02Evidence collection
All AWS API calls are SigV4-signed from scratch (no SDK). Calls run in parallel with a concurrency cap to avoid rate limits. Raw responses — XML or JSON — are truncated to fit within analysis context windows, but CRITICAL-severity findings are never truncated. Each response is stored as a discrete evidence item with its source endpoint, timestamp, and content hash.
IAM
- GetAccountSummary
- ListUsers
- GetAccountPasswordPolicy
- ListGroups
- GetCredentialReport
- ListMFADevices
- ListPolicies
- ListRoles
S3
- ListBuckets
- GetBucketEncryption
- GetBucketPolicy
- GetBucketVersioning
- GetPublicAccessBlock
CloudTrail
- DescribeTrails
- GetTrailStatus
- GetEventSelectors
- ListTrails
AWS Config
- DescribeConfigRules
- DescribeConfigurationRecorders
- DescribeDeliveryChannels
EC2 / VPC
- DescribeSecurityGroups
- DescribeVpcs
- DescribeFlowLogs
- DescribeInstances
CloudWatch + SNS
- DescribeAlarms
- ListMetrics
- ListTopics
- ListSubscriptions
Additional services: KMS (ListKeys, GetKeyRotationStatus), GuardDuty (ListDetectors), SecurityHub (GetFindings, GetEnabledStandards), Secrets Manager (ListSecrets metadata only), WAF (ListWebACLs), RDS (DescribeDBInstances, DescribeDBSnapshots), Lambda, SSO.
03Control mapping
Mapping from evidence to SOC 2 Trust Services Criteria is deterministic — the same evidence set will always produce the same control mapping.

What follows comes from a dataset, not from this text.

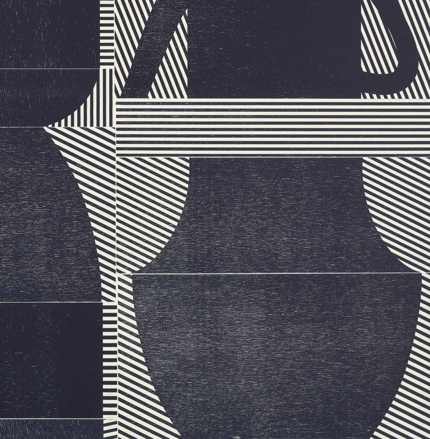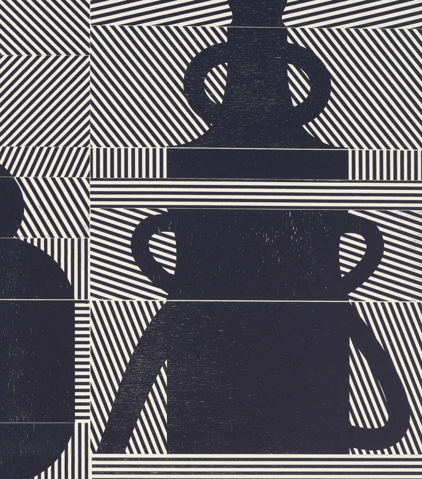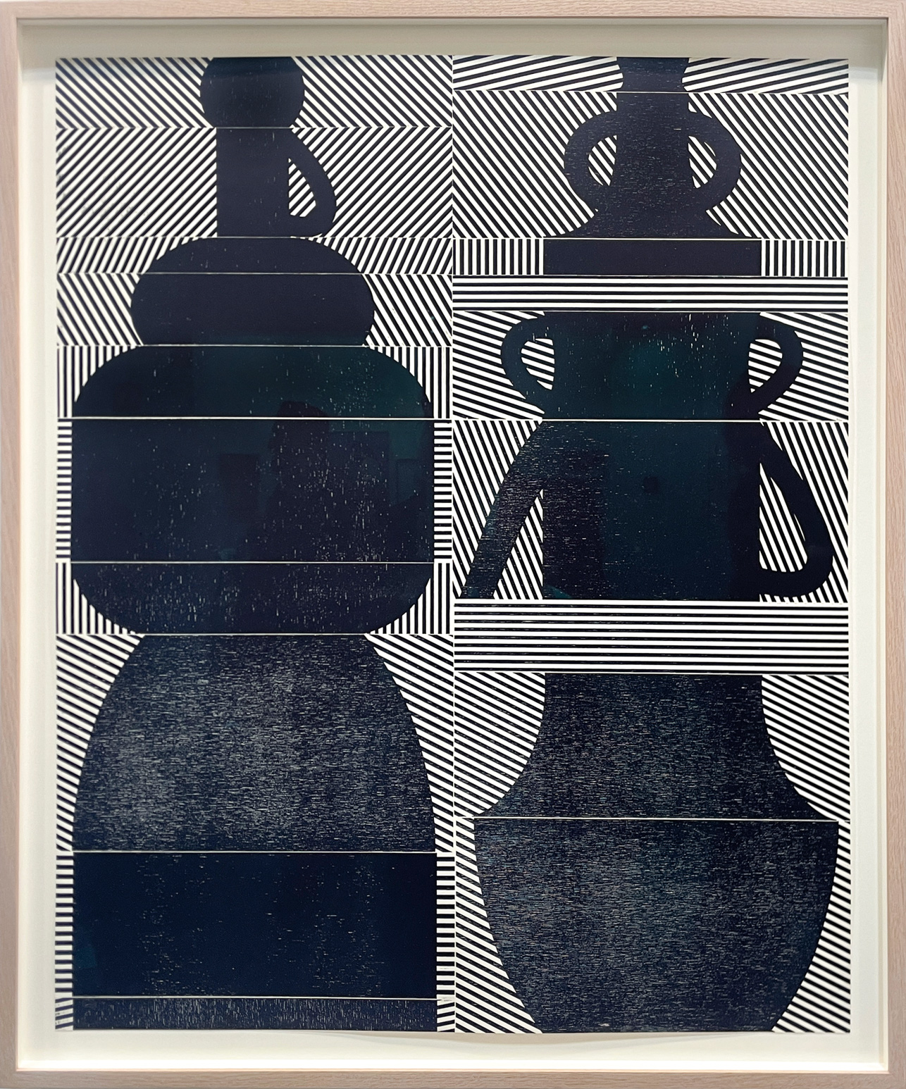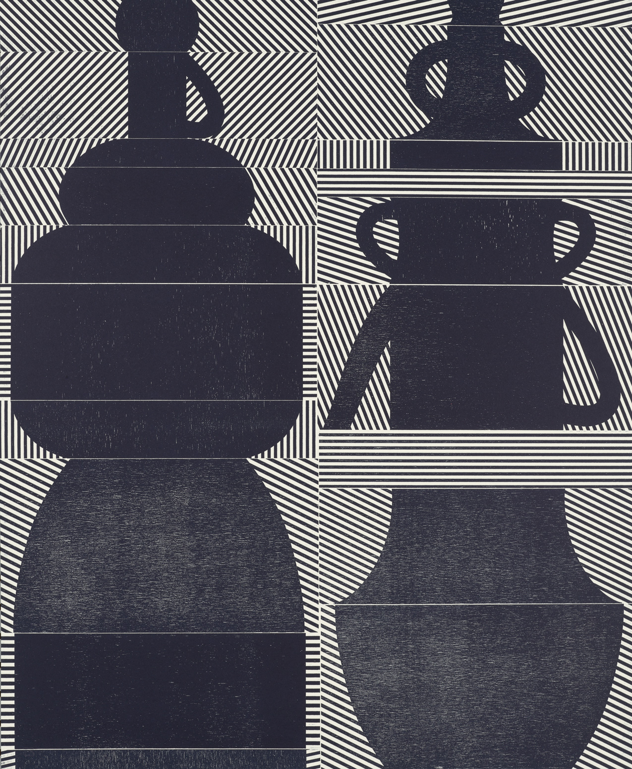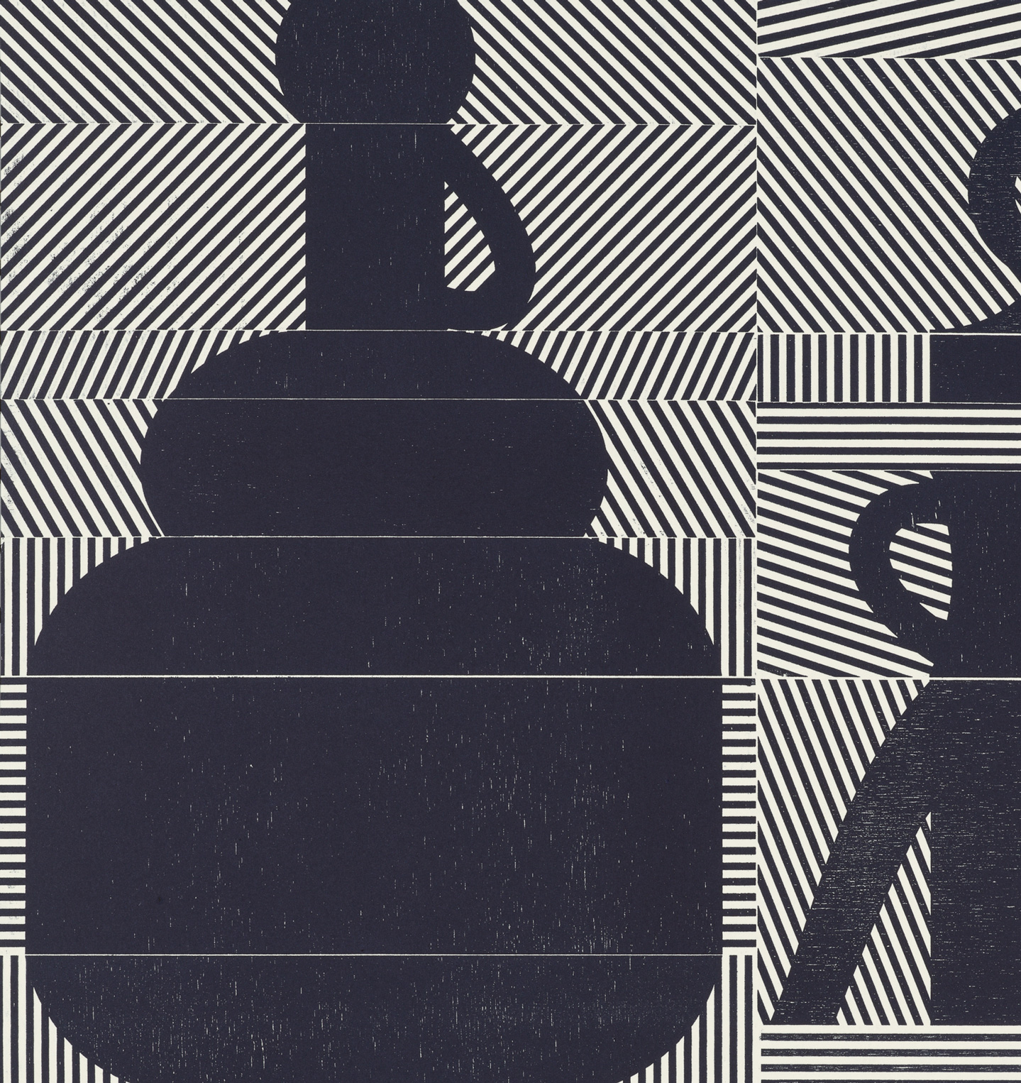 Smith’s 2025 Smokestack Analog Print Residency project, Imagined Archives, represented her introduction to relief printmaking as a new method of approach within her practice. For the making of this project, Smith created a vocabulary of graphic shapes and linear patterning fabricated into modular wood-cut pieces. Through collaborative exploration by Smith and Smokestack’s analog printmaker, Laine Groeneweg, these pieces were then rearranged into a multitude of blocked compositions to ink and pull through the press. Suggestive of a collection of vessels – or perhaps abstracted figures – each print demonstrates a unique intersection of spatial relationships, tonal densities, and playful experimentations.

There is no learned model making this connection; it is a hand-coded rule table updated as the API coverage expands.
Because the mapping is deterministic, every gap finding traces directly to a specific API call and response field. There is no "the AI decided" — there is "this API call returned Encrypted: false, here it is."
04Reasoning layer
After evidence is collected and heuristic scores are computed, each of the 12 controls is analyzed individually by Claude Sonnet 4.6. Each call receives a structured prompt containing: the control definition (AICPA criteria), the relevant evidence items for that control, and a JSON schema for the expected output.

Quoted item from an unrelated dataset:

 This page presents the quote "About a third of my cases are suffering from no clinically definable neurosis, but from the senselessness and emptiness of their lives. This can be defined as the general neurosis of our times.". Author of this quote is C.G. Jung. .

The model is instructed to: cite specific evidence IDs in every finding, avoid hallucinating controls or permissions not present in the evidence, flag when evidence is insufficient rather than guessing, and produce copy-pasteable AWS CLI remediation commands anchored to real resource ARNs from the evidence.
The output contract is enforced: if the model returns malformed JSON or omits required fields, the call is retried. If a call fails after retries (including rate-limit backoff via Cloudflare Queues), the control is marked inconclusive rather than silently dropped.
Each control analysis runs in its own queue message with a 30-second wall-time limit. All 12 run in parallel (at 2 concurrent to avoid Anthropic rate limits). Total analysis time: 60–120 seconds for a typical account.
05Scoring
Two scores are computed for each scan. Both are 0–100. Neither maps to a binary "audit-ready" claim.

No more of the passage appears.